Abstract
Systemic acquired resistance (SAR) is a form of inducible disease resistance that depends on salicylic acid and its upstream regulator ENHANCED DISEASE SUSCEPTIBILITY1 (EDS1). Although local Arabidopsis thaliana defence responses activated by the Pseudomonas syringae effector protein AvrRpm1 are intact in eds1 mutant plants, SAR signal generation is abolished. Here, the SAR-specific phenotype of the eds1 mutant is utilized to identify metabolites that contribute to SAR. To this end, SAR bioassay-assisted fractionation of extracts from the wild type compared with eds1 mutant plants that conditionally express AvrRpm1 was performed. Using high-performance liquid chromatography followed by mass spectrometry, systemic immunity was associated with the accumulation of 60 metabolites, including the putative SAR signal azelaic acid (AzA) and its precursors 9-hydroperoxy octadecadienoic acid (9-HPOD) and 9-oxo nonanoic acid (ONA). Exogenous ONA induced SAR in systemic untreated leaves when applied at a 4-fold lower concentration than AzA. The data suggest that in planta oxidation of ONA to AzA might be partially responsible for this response and provide further evidence that AzA mobilizes Arabidopsis immunity in a concentration-dependent manner. The AzA fragmentation product pimelic acid did not induce SAR. The results link the C9 lipid peroxidation products ONA and AzA with systemic rather than local resistance and suggest that EDS1 directly or indirectly promotes the accumulation of ONA, AzA, or one or more of their common precursors possibly by activating one or more pathways that either result in the release of these compounds from galactolipids or promote lipid peroxidation.
Highlights
Plants protect themselves from pathogen invasion by innate immune mechanisms
Using high-performance liquid chromatography followed by mass spectrometry, systemic immunity was associated with the accumulation of 60 metabolites, including the putative Systemic acquired resistance (SAR) signal azelaic acid (AzA) and its precursors 9-hydroperoxy octadecadienoic acid (9-HPOD) and 9-oxo nonanoic acid (ONA)

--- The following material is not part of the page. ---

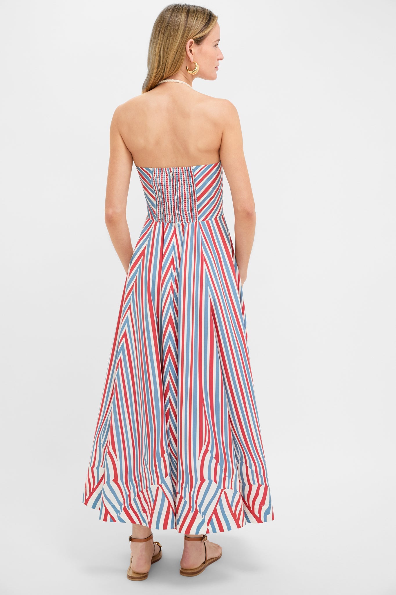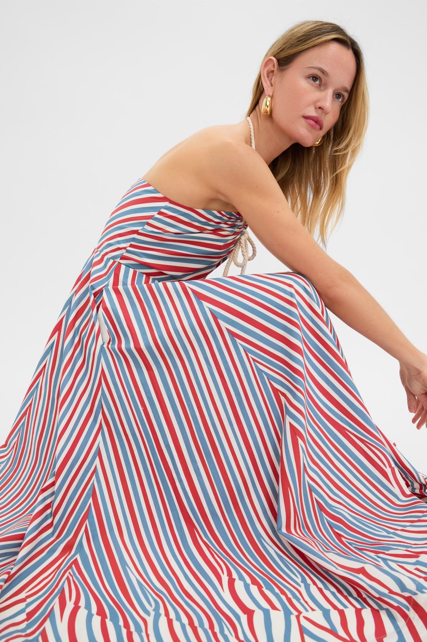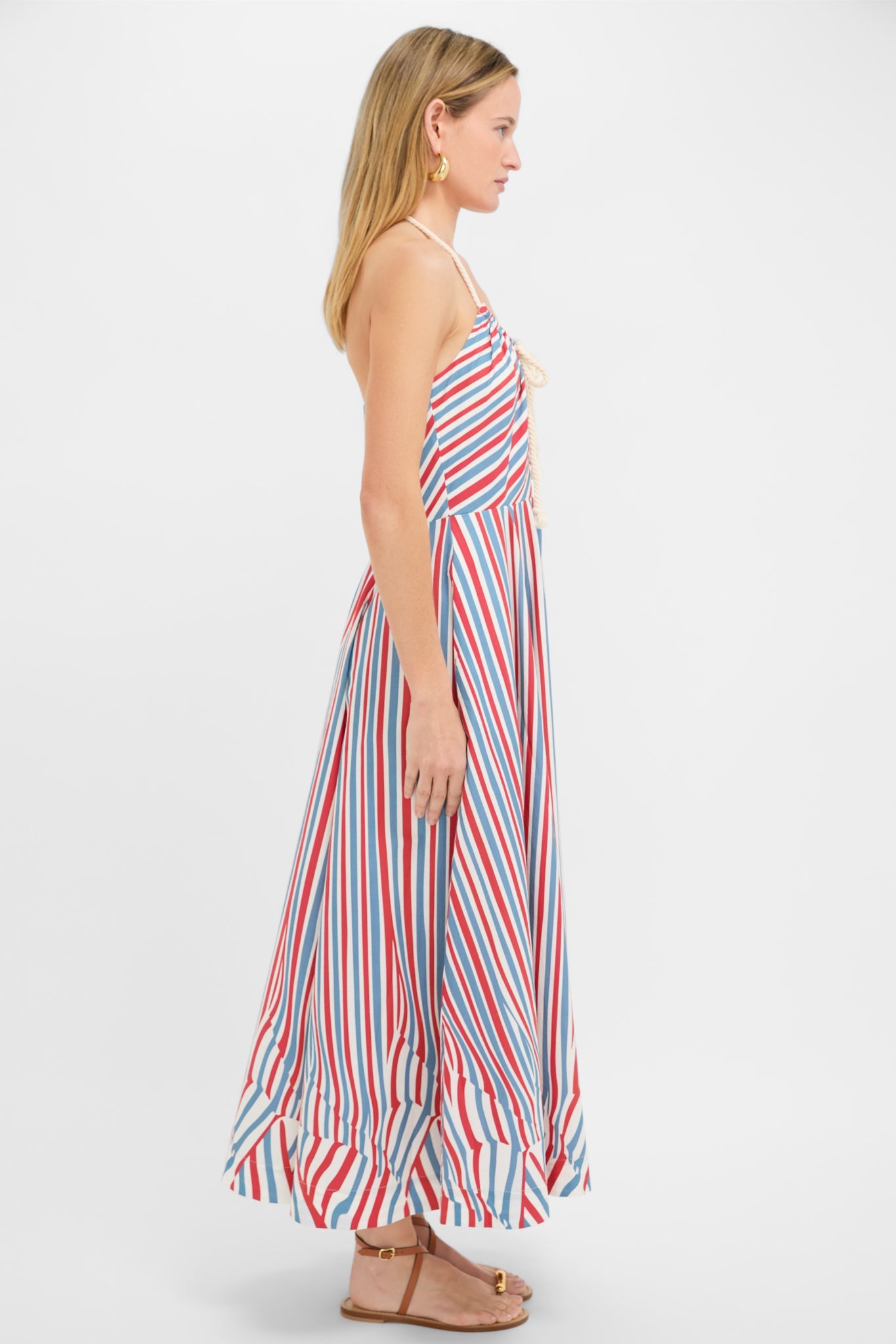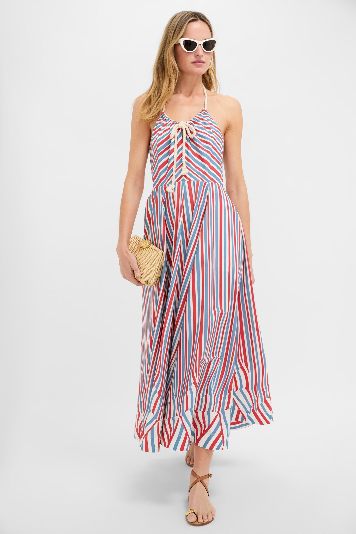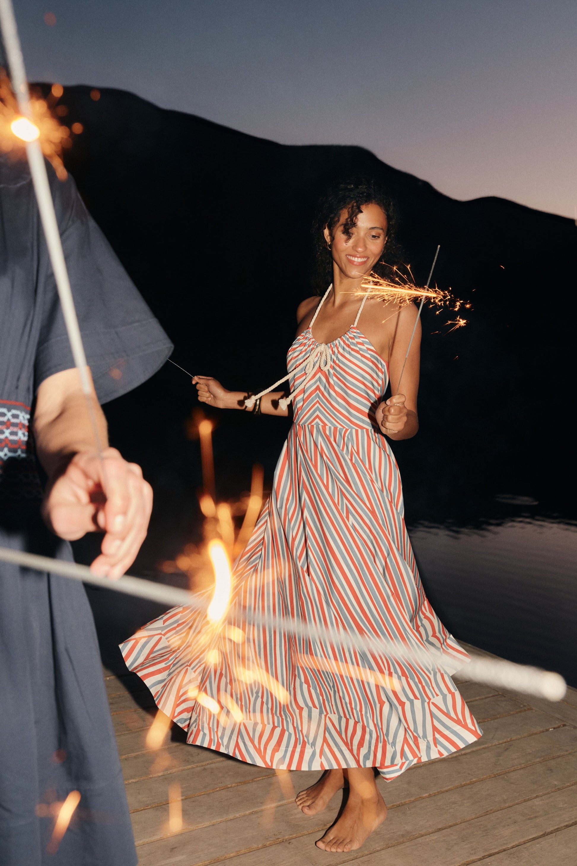 The Americana Stripe Sierra Dress is a festive halter maxi with a rope neck tie, full skirt, and nostalgic striped print. Perfect for backyard barbecues or evening cocktail parties, we are styling this with sandals or espadrilles!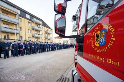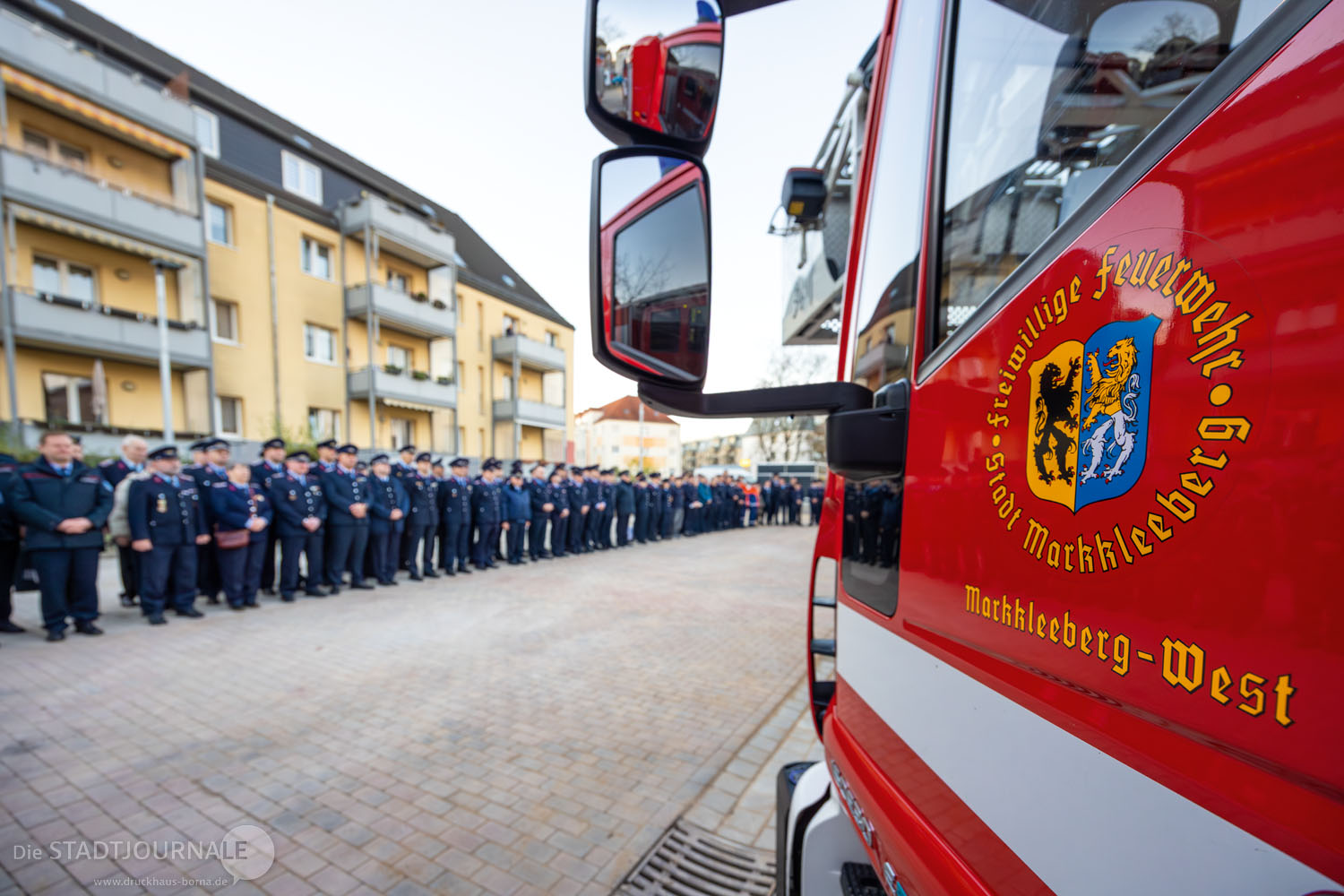 (Fotos: Falk Opelt)Es war schon ein beeindruckender Anblick, als die Kameradinnen und Kameraden der Feuerwehren Markkleebergs auf dem Vorplatz der Feuerwache Markkleeberg-West in Reih und Glied antraten. Flankiert wurden die Frauen und Männer von zwei modernen Einsatzfahrzeugen.

It was tested whether ONA application elicits systemic resistance in the gly1-3 mutant, which is compromised for G3P accumulation and SAR (Chanda et al, 2011), or in azi1-2 mutant plants. Both mutants displayed normal susceptibility to Pseudomonas syringae pathovar tomato (Pst), but did not support SAR in response to the application of 250 μM ONA (Fig. 5B). These results suggest that the mechanisms leading to SAR downstream of ONA and AzA application are related since they are dependent on ENHANCED DISEASE SUSCEPTIBILITY1 (EDS1) and/or PAD4, salicylic acid (SA), AZI1, and G3P
Summary
For example Arabidopsis thaliana, defence against biotrophic pathogens is dependent on the phytohormone salicylic acid (SA) and can be divided into local and systemic phases of immunity (Vlot et al, 2009; Spoel and Dong, 2012; Fu and Dong, 2013). Plants respond to pathogen-associated molecular patterns (PAMPs) with PAMP-triggered immunity (PTI; Jones and Dangl, 2006). The recognition of pathogen effectors leads to effector-triggered immunity (ETI), which augments PTI (Tsuda et al, 2009; Tsuda and Katagiri, 2010). PTI and ETI are associated with SA accumulation and a burst of reactive oxygen species (ROS; Jones and Dangl, 2006), and induce SA-dependent systemic acquired resistance (SAR) in systemic uninfected tissues (Cameron et al, 1994; Mishina and Zeier, 2007; Vlot et al, 2009; Liu et al, 2010; Fu and Dong, 2013; Breitenbach et al, 2014)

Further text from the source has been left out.